As China unveils retaliatory tariffs on selected U.S. goods, Bitcoin flutters around the $99,300 mark. On February 4, 2025, China’s finance ministry revealed that from February 10, an extra 15% tariff will be levied on coal and liquefied natural gas, and an extra 10% on crude oil, agricultural machinery, and specific vehicles.
The declaration of these tariffs by China is a response to the additional tariffs imposed by the U.S. on Chinese goods that came into effect today. In a translated statement, the Chinese ministry stated, “The unilateral imposition of tariffs by the U.S. gravely infringes upon the rules of the World Trade Organization.”
In the meantime, on Tuesday, the Ministry of Commerce in China declared that it will tighten export controls on goods containing tungsten, tellurium, bismuth, molybdenum, and indium, citing the necessity to protect national interests and security.
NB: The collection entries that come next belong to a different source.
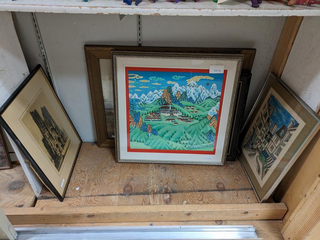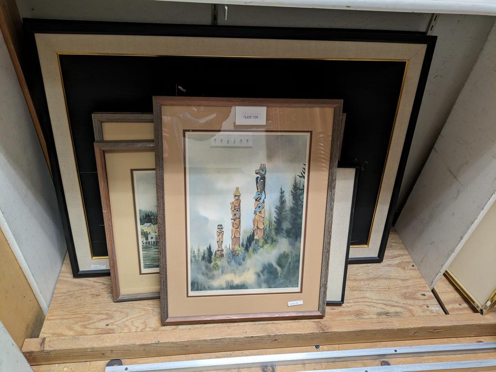 Lot 738: Group Of Framed Artwork (5) And 2 Wall Mirrors.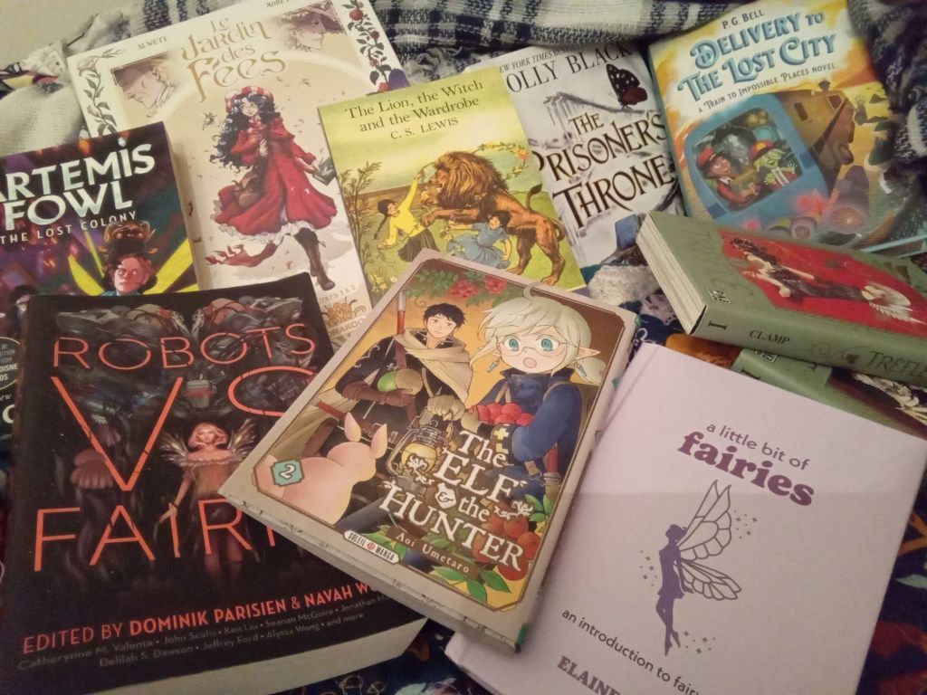 Vous vous en doutez peut-être un peu, mais je n’ai pas réussi avec tous ces titres à caser tous les livres non lus de ma collection abordant de près ou de loin le monde des fées pour ce printemps de lecture merveilleuse. Sans inclure tous les livres qui incluent par la bande des êtres magiques. D’ailleurs, mes lectures précédant la sélection ci-dessus ont constitué un prélude inattendu à celle-ci, soit par certains de leurs personnages secondaires ou par l’évocation d’une légende, ou même simplement une expression à tonalité fantasmagorique. En tout cas, j’ai de quoi faire une pige sur un thème semblable un autre jour, ou peut-être les caserai-je autrement. En attendant, cette sélection me permet de faire un clin d’œil à plusieurs défis culturels auxquels je prends part, même si moins activement, dont le mois au Japon, qui bien qu’il a lieu en avril s’étire souvent jusqu’à l’été, avec Hilde et Lou. Puis, Holly Black et Elaine Clayton sont deux autrices américaines, ce qui me permet d’ajouter ce billet à ma (maigre) liste pour An American Year 2024-2025. Et j’ai même quelques tons anglais dans cette liste avec le classique des Chroniques de Narnia (et des nuances voisines avec deux Gallois (P.G. Bell et Natasha Bowen)). Cela me fait réaliser d’une autre caractéristique de cette sélection, elle inclut des perspectives de plusieurs cultures différentes.
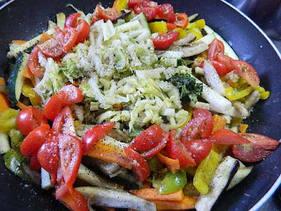 ricoprire con le verdure preparate e formaggio grattugiato,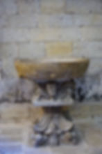 Estado actual de la pila bautismal, situada en el lado sur del templo. Se trata de una pila de estilo románico del siglo XI.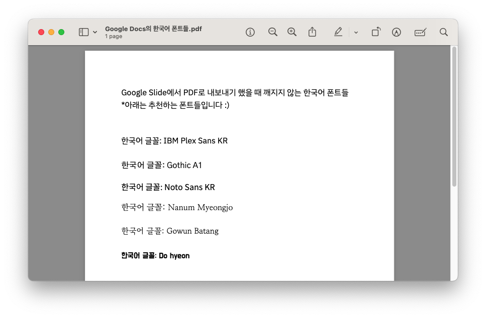 [문자: 한국어]로 필터링했을 때 나오는 글꼴로 한국어를 입력하고 PDF로 출력하면 글꼴이 정상적으로 나오는 것을 확인할 수 있습니다.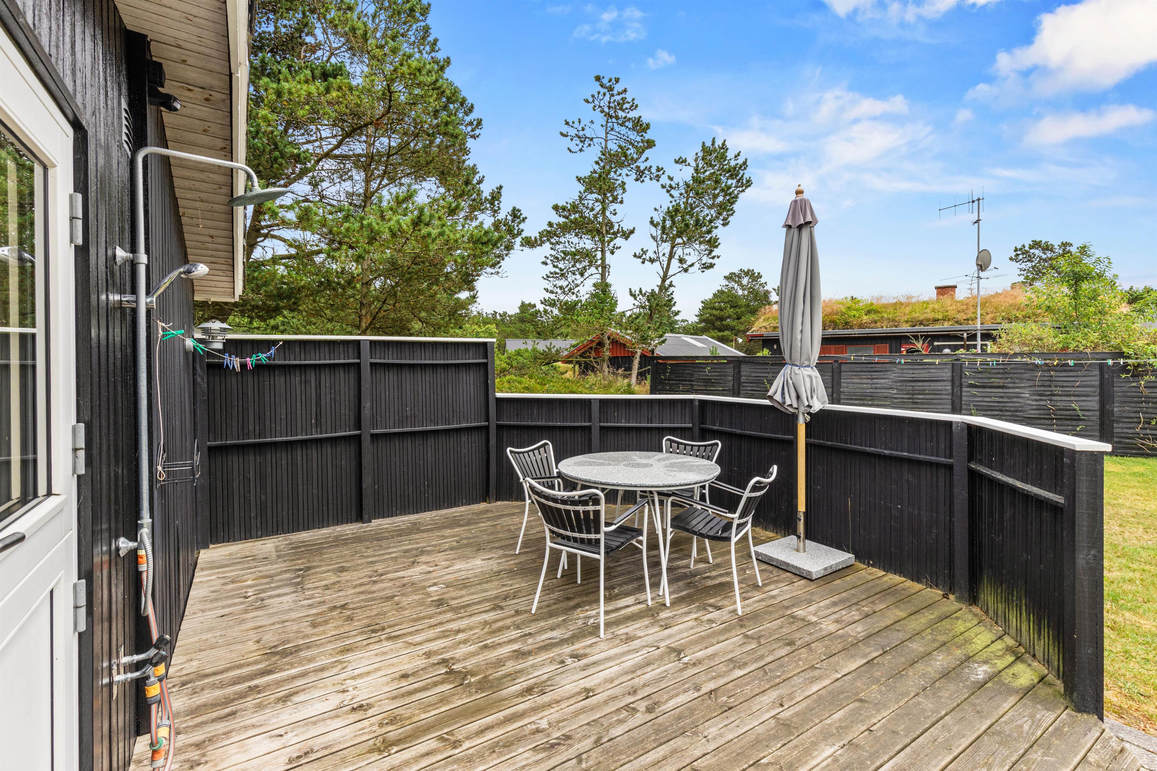Fra køkkenet kommer I også direkte ud på den afskærmede terrasse med en hyggelig siddekrog, som er helt perfekt til lækre grillaftener. Her er der altid god læ, så I kan nyde den friske luft og de grønne omgivelser.

Currently, Bitcoin is trading at approximately $99,300, having recovered from a dip to around $98,500 earlier today and from $92,800 on Monday amidst a wider sell-off. After U.S. President Donald Trump announced a temporary halt on tariff threats between the U.S. and Mexico, Bitcoin saw a sharp rebound to over $100,000 on Monday.
Presto Research’s research analyst, Min Jung, told The Block, “Even though Bitcoin is often juxtaposed with gold as a digital alternative, it is still predominantly viewed as a risk asset by many investors. Therefore, the 10% retaliatory tariff by China on the U.S. is expected to exert pressure on risk assets, including cryptocurrencies, much like equities.”
“However, the initial market reaction might have been an overreaction, as evidenced by the V-shaped recovery preceding the announcement,” Jung added. “The long-term effects will hinge on whether this signifies the start of a widespread trade escalation or remains an isolated incident. Regardless, we anticipate heightened volatility as tariff-related news continues to influence market sentiment.”
Justin d’Anethan, Liquifi’s head of sales, expressed that while the initial market unease was linked to Trump’s tariffs on Mexico and Canada, “it’s becoming apparent that those were just the preliminary rounds — the real escalation is occurring with China, and potentially Europe next.”
Nick Ruck, director of LVRG Research, pointed out that a full-blown trade war could further extend the sell-off of crypto assets unless the US can negotiate a halt or delay similar to those with Canada and Mexico.